Could you give again exactly, and only, the lines from the one holding "Lamelif Çizgi Detaylı" through the end of the data, both ends included, with pictures left out?

▸ **Material provided**
[Start of Attachment]
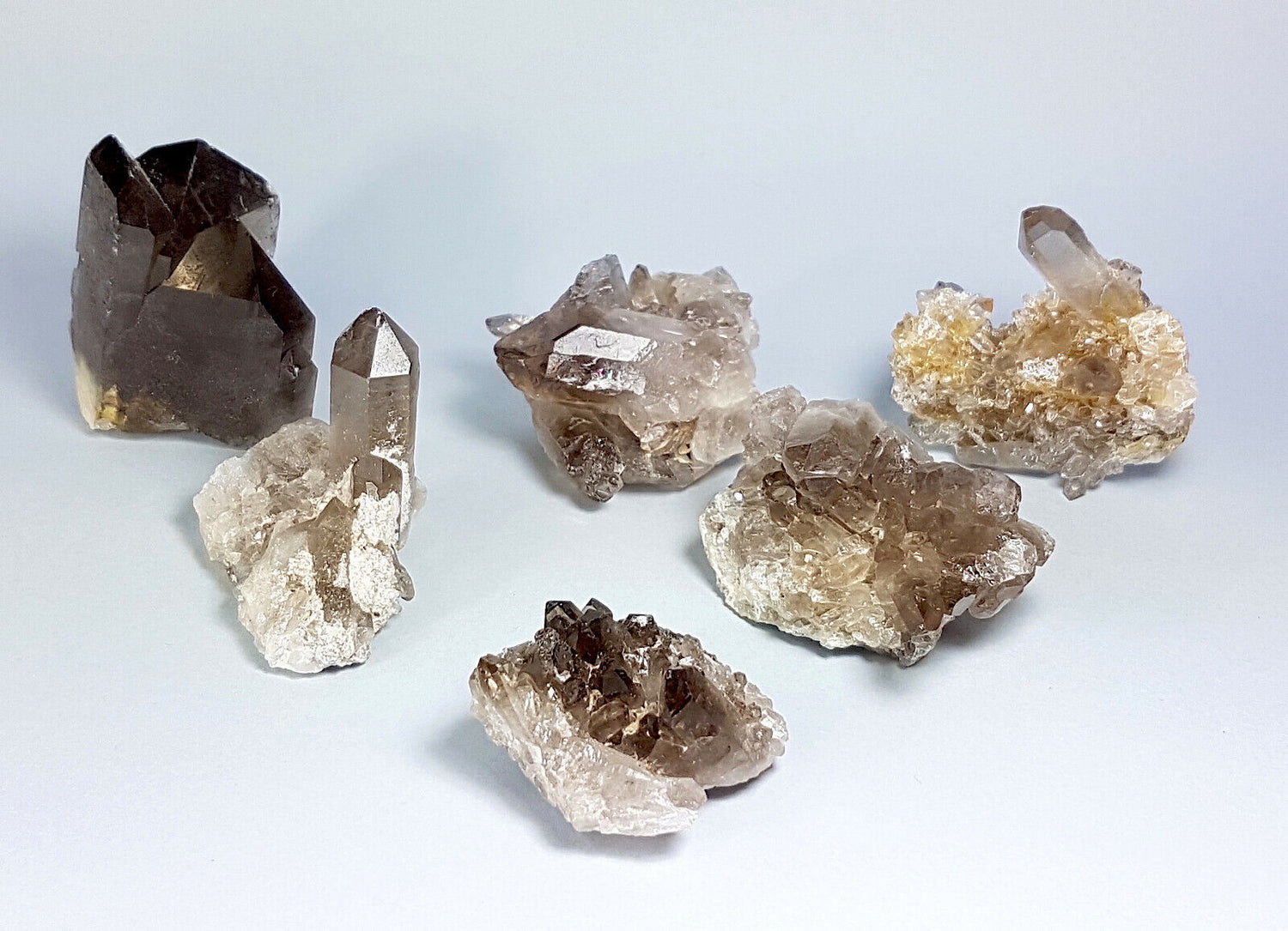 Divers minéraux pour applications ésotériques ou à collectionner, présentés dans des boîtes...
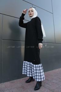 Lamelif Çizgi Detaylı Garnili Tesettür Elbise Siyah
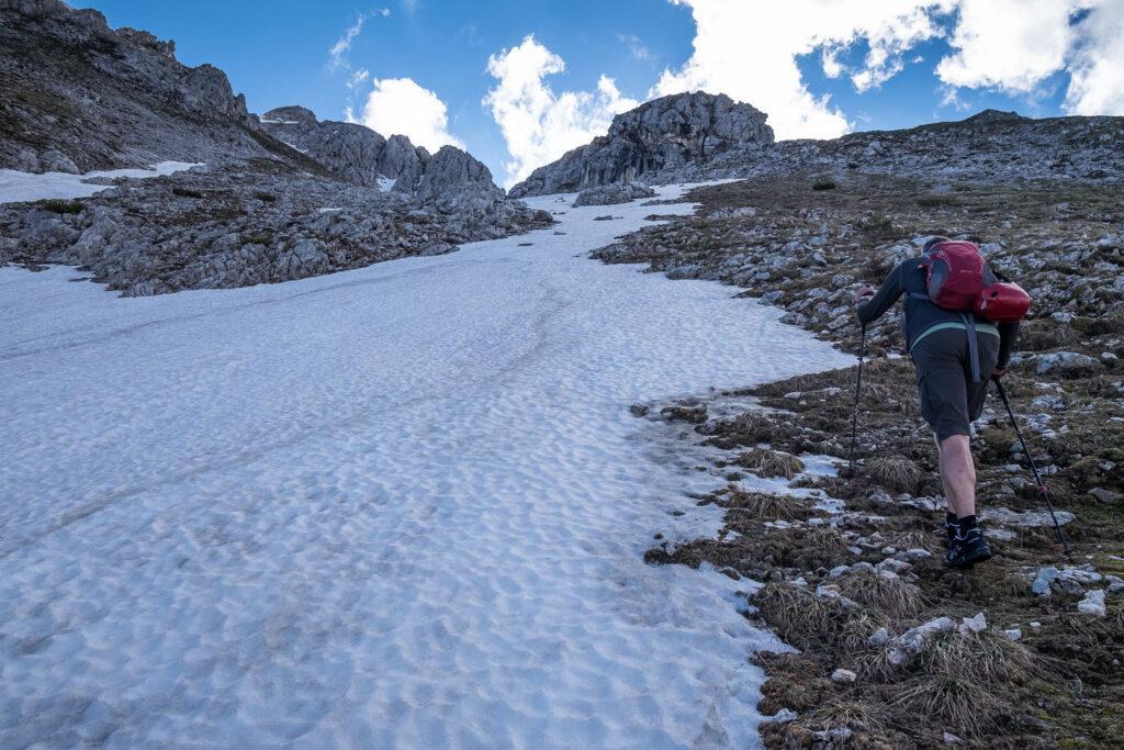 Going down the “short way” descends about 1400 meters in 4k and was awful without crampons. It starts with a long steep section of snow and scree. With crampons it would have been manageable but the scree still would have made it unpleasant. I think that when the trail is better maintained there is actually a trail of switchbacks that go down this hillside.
[End of Attachment]
▸ **Expected answer**
 Lamelif Çizgi Detaylı Garnili Tesettür Elbise Siyah
 Going down the “short way” descends about 1400 meters in 4k and was awful without crampons. It starts with a long steep section of snow and scree. With crampons it would have been manageable but the scree still would have made it unpleasant. I think that when the trail is better maintained there is actually a trail of switchbacks that go down this hillside.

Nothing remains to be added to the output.